• Directions
In the listing that follows, print every line exactly and leave the images out.

━━━━━ Data below

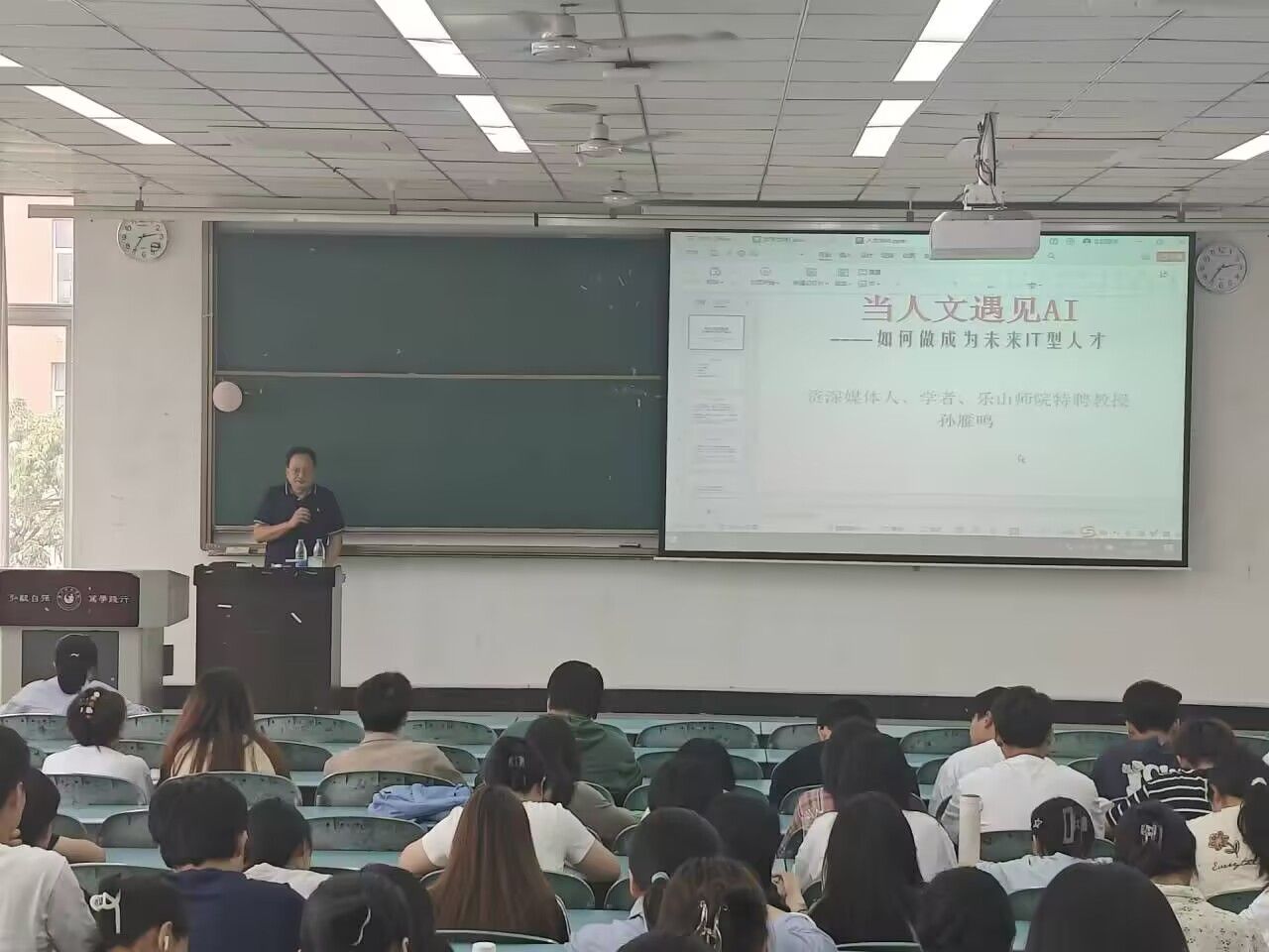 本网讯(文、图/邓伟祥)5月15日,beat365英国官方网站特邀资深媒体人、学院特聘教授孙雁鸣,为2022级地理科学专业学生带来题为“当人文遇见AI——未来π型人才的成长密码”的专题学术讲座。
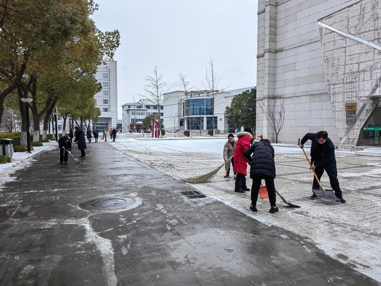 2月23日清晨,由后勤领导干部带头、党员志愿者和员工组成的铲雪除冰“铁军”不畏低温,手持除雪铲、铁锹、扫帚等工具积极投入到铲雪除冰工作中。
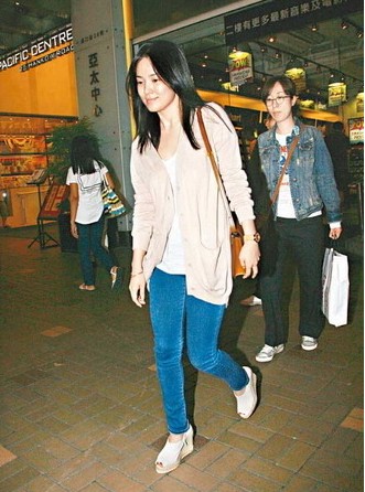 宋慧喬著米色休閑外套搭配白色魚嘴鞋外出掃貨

━━━━━━━━━━

• Exercise answer
 本网讯(文、图/邓伟祥)5月15日,beat365英国官方网站特邀资深媒体人、学院特聘教授孙雁鸣,为2022级地理科学专业学生带来题为“当人文遇见AI——未来π型人才的成长密码”的专题学术讲座。
 2月23日清晨,由后勤领导干部带头、党员志愿者和员工组成的铲雪除冰“铁军”不畏低温,手持除雪铲、铁锹、扫帚等工具积极投入到铲雪除冰工作中。
 宋慧喬著米色休閑外套搭配白色魚嘴鞋外出掃貨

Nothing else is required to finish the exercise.